Missouri MAP Grade 4 Math Free Worksheets: Printable Practice for Every Fourth-Grade Math Topic
Think of third-grade math as learning the words and fourth-grade math as learning to write sentences. The pieces are mostly familiar — addition, multiplication, fractions — but now they have to work together, and they have to scale up. A fourth grader reads numbers into the hundred-thousands, multiplies a three-digit number by a single digit and then by a two-digit number, and divides with remainders that have to be understood, not just written down. The arithmetic is no longer the whole job; arranging it correctly is.
Fractions get serious this year too. They turn from shaded shapes into numbers with their own logic — equivalence, comparison, adding and subtracting when the denominators match, the first mixed numbers, and multiplying a fraction by a whole number.
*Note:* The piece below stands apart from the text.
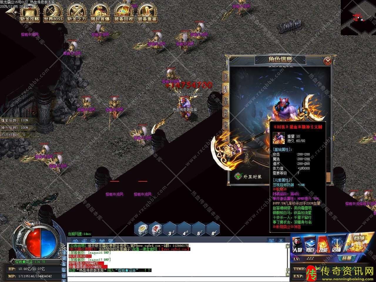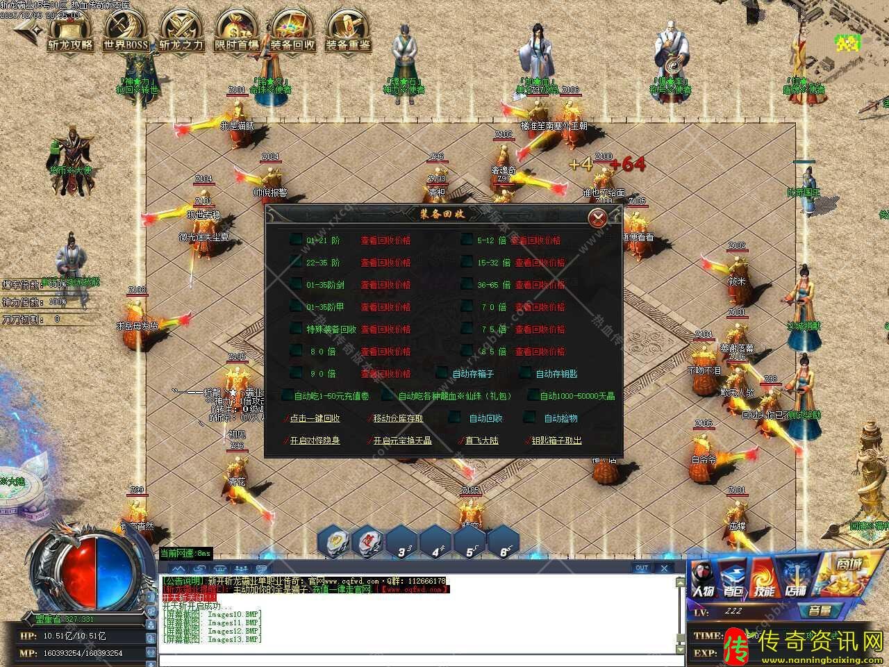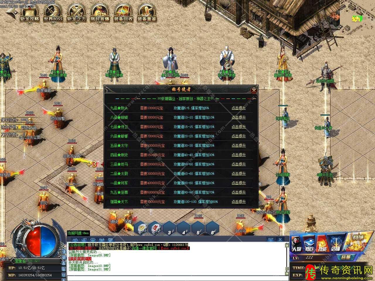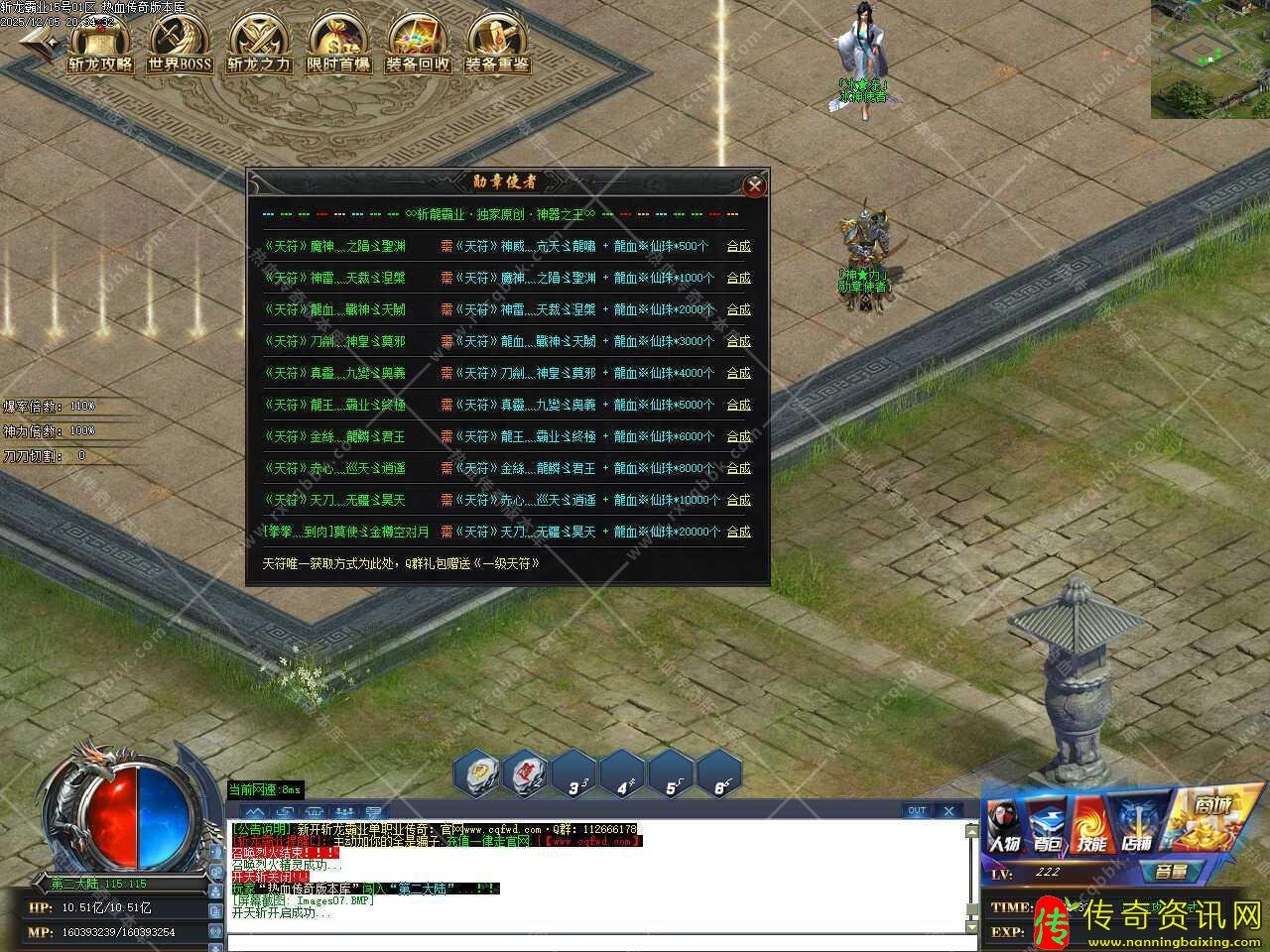 七.新增斩龙霸业BUFF功能,此BUFF带神力和爆率倍增等属性,获得【斩龙霸业BUFF】1%几率直接打掉3*3范围所有玩家和怪物,爆率增加999%,打怪爆满屏,**方式简单不繁琐,只需要99999金币和达到240级即可。

Decimals to the hundredths arrive, and a student has to see how a decimal and a fraction can name the very same amount. So do angles, area and perimeter, line plots, and multi-step word problems that ask a child to plan before they compute. It is a big, connected year, and the connections are the point — the place value a child practices in September is the same place value holding up the long division they meet in February.
These worksheets were made to take that bigness one piece at a time. Whether your child is in Kansas City, St. Louis, Springfield, or Columbia, each PDF isolates a single skill and gives it enough practice to hold.
What’s on this page
You will find 43 single-skill PDFs here, each aligned to the Missouri Mathematics Standards at Grade 4. Every file commits to one skill, so a student working on multiplicative comparison is not also fielding questions about angle measurement, and a student on adding fractions is not detoured into rounding.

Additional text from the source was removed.